An insurance firm based out of the US invests in property catastrophe reinsurance and the retrocession market. The current initiative of their analytics team involves web scraping various weather websites to better understand the impact on the loss ratio and use this information for loss reserving in the future.
They engaged Digital Alpha to build a data product that has an automated and scalable approach to data extraction with a uniform approach to data ingestion.
At present, the analytics team of the firm uses python to extract data from events and export them to spreadsheet/excel. The critical challenges in this process are:
- Manual approach to data extraction: There are approx. 1300 Japanese weather data sites from which analysts extract information using python and export it to an excel/database. Once the data is dumped into one worksheet, the information is consolidated in one table. All this takes a lot of time and manual intervention.
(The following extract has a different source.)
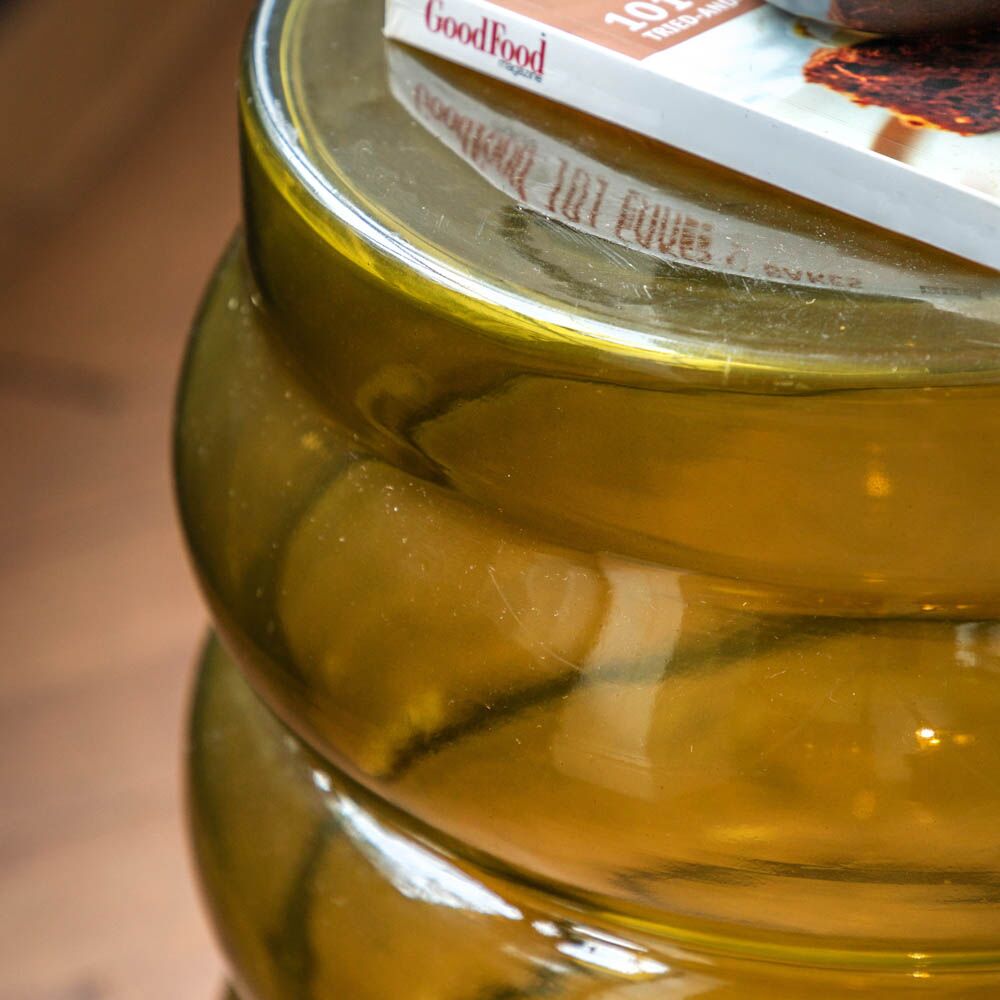 This side table is a unique and stylish addition to any living space. Its organic, bubble-like shape and warm green hue create a playful and inviting look. Perfect for displaying decorative items or using as a side table next to a sofa or armchair.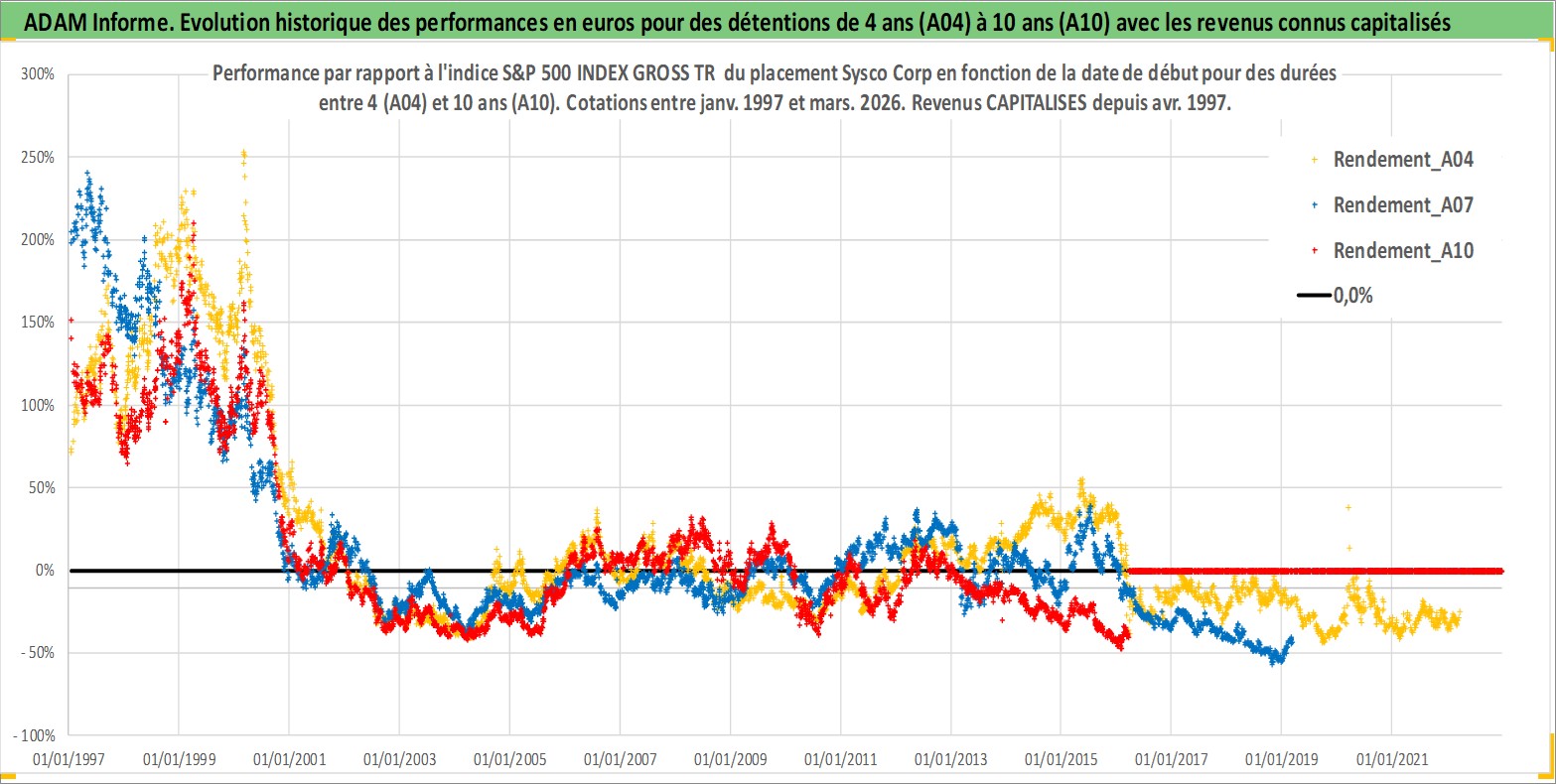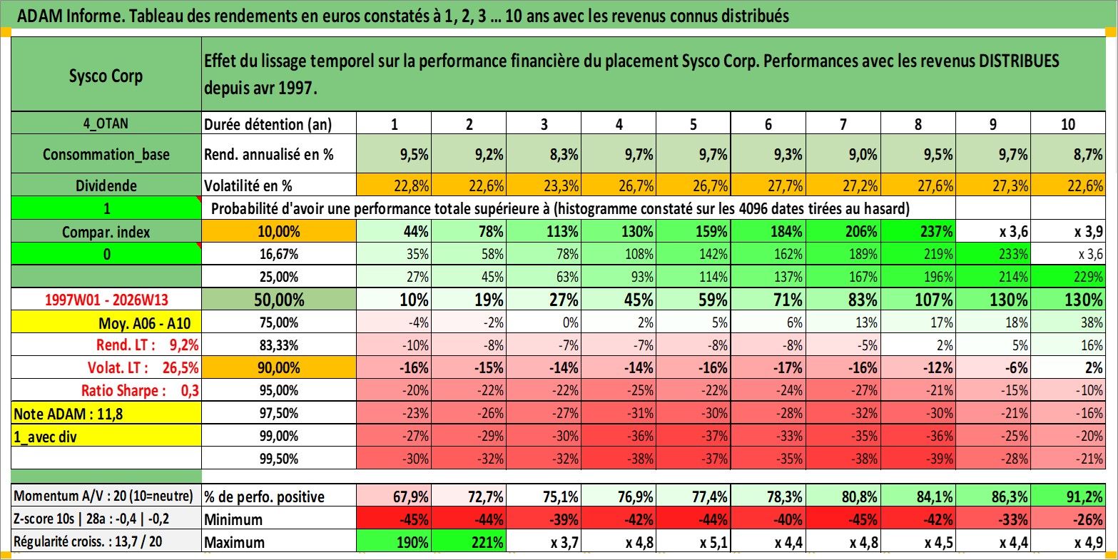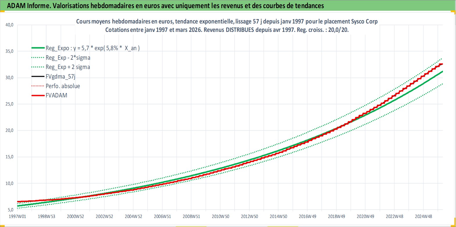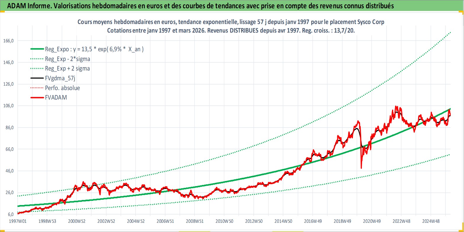 Site dédié aux investisseursPage dédiée sur site financeAnalyse des valorisations hebdomadaires de l'action Sysco Corp. Cet actif est cote en USD. Les valorisations sont en contrevaleur EURO et couvrent les semaines 1997W01 a 2026W13. Les revenus de cet actif financier sont pris en compte depuis la semaine 1997W14. La note globale ESG de cet actif est estimee a 15.0 (apres rebasage entre 0 et 20).

- Lack of real-time insight: Since the data extraction is a manual process, if a site changes, the data is not updated in real-time, making it an unreliable source for decision-making.
Digital Alpha implemented its serverless web scraping application to scrape weather data from websites for specific zip Codes as required for the business need.
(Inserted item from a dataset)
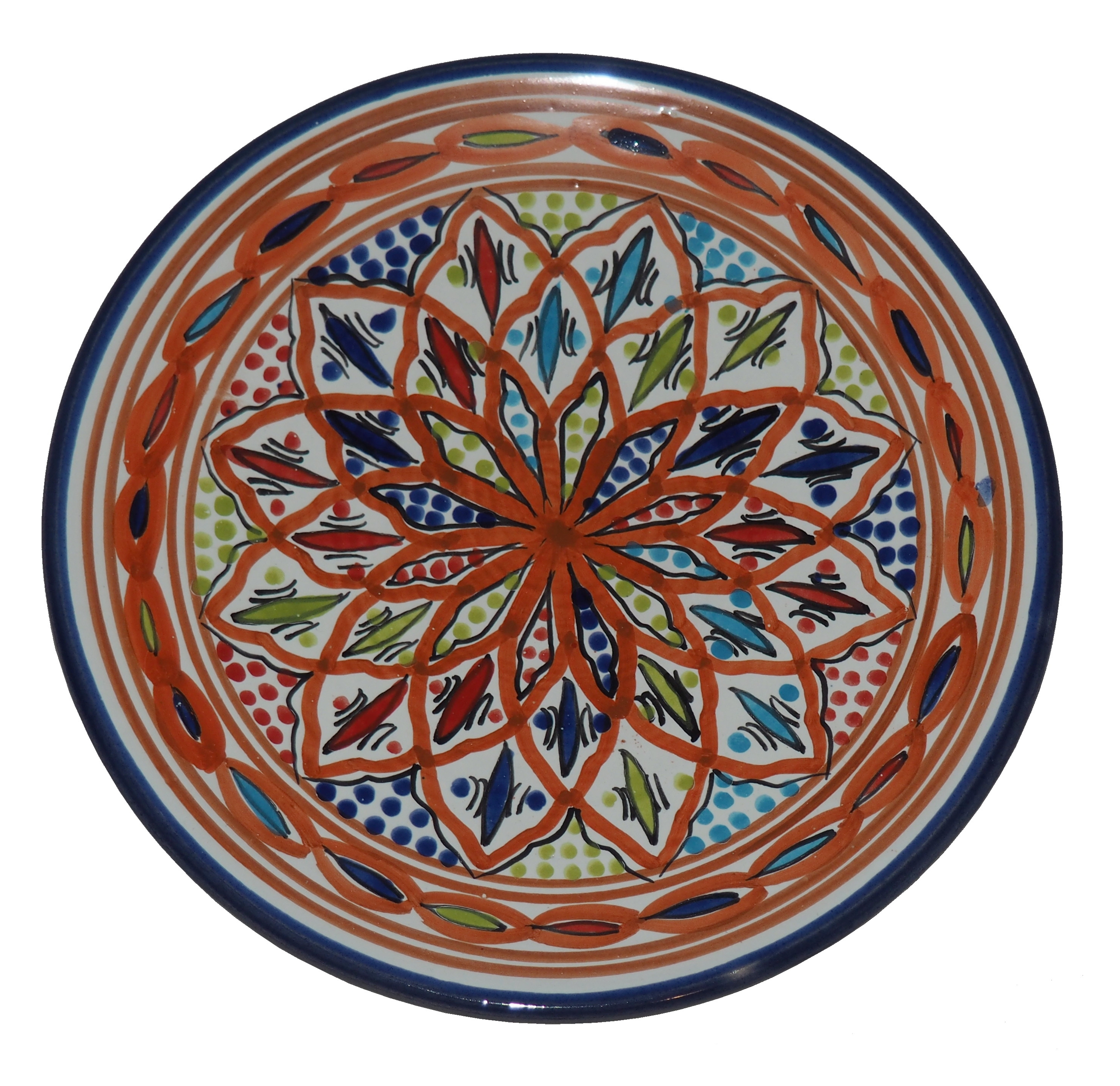 Ten orientalny talerz malowany jest w berberyjskie wzory. Przepiękna, niebanalna ozdoba Twojego stołu - ozdobny talerz prosto z Tunezji.

AWS Serverless Application Model (SAM) automates lambda function development. SAM allows users to create a continuous integration and test and debug serverless code locally.
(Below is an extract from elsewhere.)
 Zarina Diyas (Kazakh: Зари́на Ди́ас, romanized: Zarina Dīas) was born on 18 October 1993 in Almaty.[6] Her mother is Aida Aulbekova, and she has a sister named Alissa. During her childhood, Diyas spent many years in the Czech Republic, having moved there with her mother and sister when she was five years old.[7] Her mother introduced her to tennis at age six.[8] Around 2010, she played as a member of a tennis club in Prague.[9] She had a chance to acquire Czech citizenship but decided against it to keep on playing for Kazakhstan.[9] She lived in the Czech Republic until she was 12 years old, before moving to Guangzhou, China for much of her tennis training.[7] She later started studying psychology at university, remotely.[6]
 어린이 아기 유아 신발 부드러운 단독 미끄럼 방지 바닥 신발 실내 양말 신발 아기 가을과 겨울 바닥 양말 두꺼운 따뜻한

The architecture is flexible, cost-effective, resilient, and allows users to make solid decoupled services.
- Amazon S3 – Stores and protects any amount of data such as cloud-native applications, mobile applications, etc.
- Amazon Event Bridge – Allows to set up a process to periodically run the lambda function.
- AWS Lambda – Enables users to run code without managing servers and scales automatically.
- Amazon SQS – Allows users to decouple and scale serverless applications.
- AWS SAM – Open-source framework to build serverless applications and provides shorthand syntax to express functions, APIs, databases, and event source mappings.
DynamoDB: DynamoDB provides native, server-side support for transactions, simplifying the developer experience of making coordinated, all-or-nothing changes to multiple items both within and across tables. With support for transactions, developers can extend the scale, performance, and enterprise benefits of DynamoDB to a broader set of mission-critical workloads.
AWS Lambda allows users to build a lean, on-demand infrastructure and scales continuously. It gives access to standard libraries, and in addition, users can build their own package to support the execution of the function or use Lambda layers to gain access to external libraries or even external Linux-based programs.
Users can access AWS lambda via the web console to create a new function, update lambda code or execute it.
Results and Benefits
The reinsurance firm now has the capabilities built to streamline and automate data extraction, and there is no manual intervention to identify and fix data when site changes.
Analysts can run this on multiple sites and have the ability to collect and analyze all the damaged data points to propose the likelihood of an event being catastrophic to the decision-makers. Few key advantages for businesses:
- Automating manual processes deliver efficiencies that lower operating costs.
- Speed and accuracy deliver a competitive advantage that increases customer retention.
- Digitizing incoming information unlocks the ability for real-time triage. Automated data extraction enables triage and decision tools to evaluate quotes to make sure underwriters prioritize and optimize opportunities.